• _Materials provided_:
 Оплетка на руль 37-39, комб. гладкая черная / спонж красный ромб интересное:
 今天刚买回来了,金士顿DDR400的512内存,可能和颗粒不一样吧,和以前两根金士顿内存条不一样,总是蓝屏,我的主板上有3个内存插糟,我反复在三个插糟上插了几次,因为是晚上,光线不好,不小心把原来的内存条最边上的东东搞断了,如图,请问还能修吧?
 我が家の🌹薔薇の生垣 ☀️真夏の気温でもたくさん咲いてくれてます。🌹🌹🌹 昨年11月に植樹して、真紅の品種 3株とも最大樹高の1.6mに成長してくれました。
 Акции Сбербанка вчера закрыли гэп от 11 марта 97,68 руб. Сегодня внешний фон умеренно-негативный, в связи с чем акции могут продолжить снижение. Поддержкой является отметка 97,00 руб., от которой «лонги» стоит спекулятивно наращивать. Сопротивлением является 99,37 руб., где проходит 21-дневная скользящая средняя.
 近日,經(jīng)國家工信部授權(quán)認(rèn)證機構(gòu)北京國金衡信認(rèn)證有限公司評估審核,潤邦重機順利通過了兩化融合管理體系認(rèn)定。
...
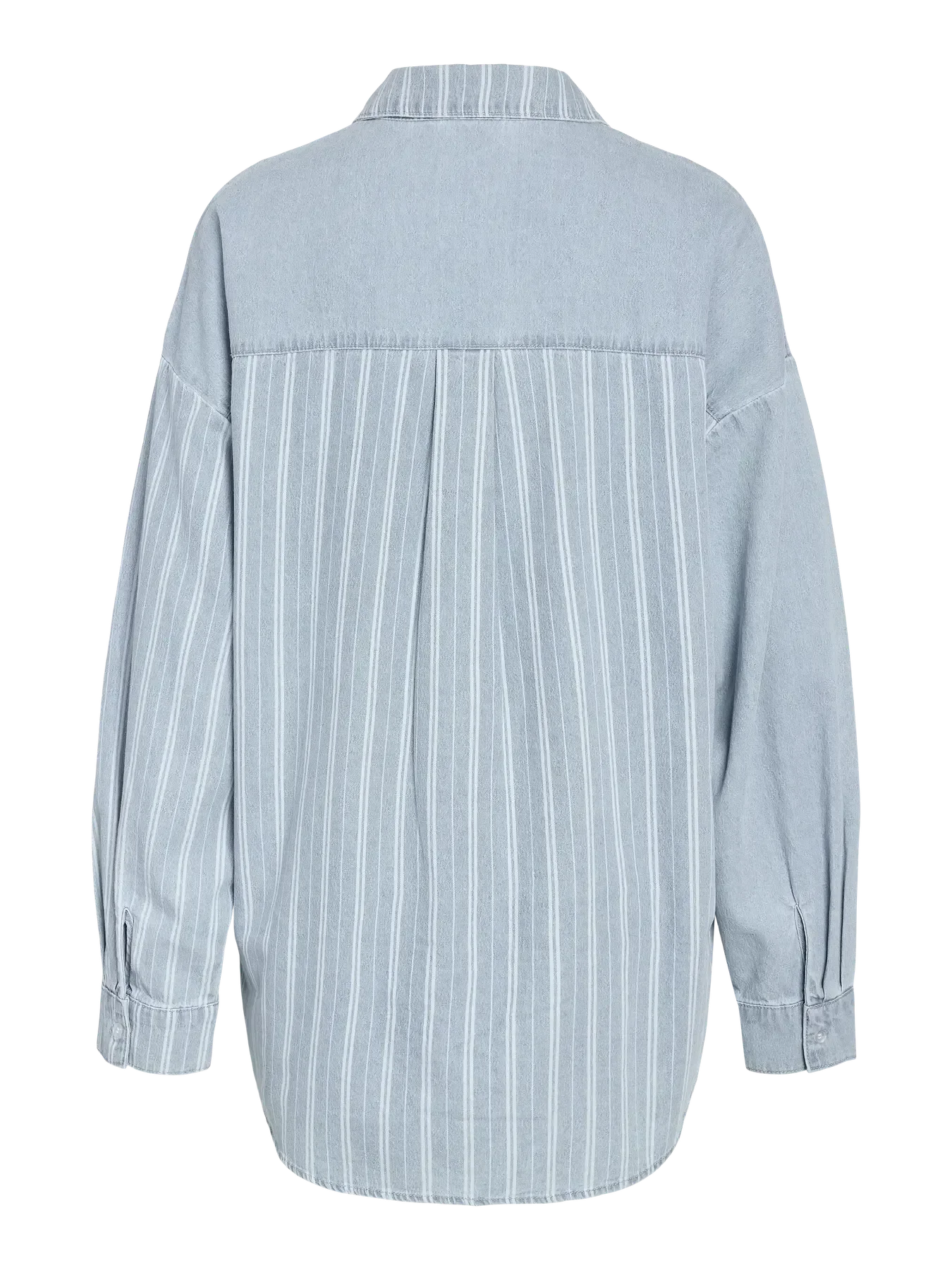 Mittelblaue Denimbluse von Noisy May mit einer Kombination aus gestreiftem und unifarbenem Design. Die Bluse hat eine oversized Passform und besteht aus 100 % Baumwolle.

• _Problem statement_:
Produce only the lines from the line containing "我が家の🌹薔薇の生垣 ☀️真夏の気温でもたくさん咲いてくれてます。🌹🌹🌹 昨年11月に植樹して、真紅の品種" through the line containing "近日,經(jīng)國家工信", inclusive of both, exactly as they stand in the entries above.

• _Output of the exercise_:
 我が家の🌹薔薇の生垣 ☀️真夏の気温でもたくさん咲いてくれてます。🌹🌹🌹 昨年11月に植樹して、真紅の品種 3株とも最大樹高の1.6mに成長してくれました。
 Акции Сбербанка вчера закрыли гэп от 11 марта 97,68 руб. Сегодня внешний фон умеренно-негативный, в связи с чем акции могут продолжить снижение. Поддержкой является отметка 97,00 руб., от которой «лонги» стоит спекулятивно наращивать. Сопротивлением является 99,37 руб., где проходит 21-дневная скользящая средняя.
 近日,經(jīng)國家工信部授權(quán)認(rèn)證機構(gòu)北京國金衡信認(rèn)證有限公司評估審核,潤邦重機順利通過了兩化融合管理體系認(rèn)定。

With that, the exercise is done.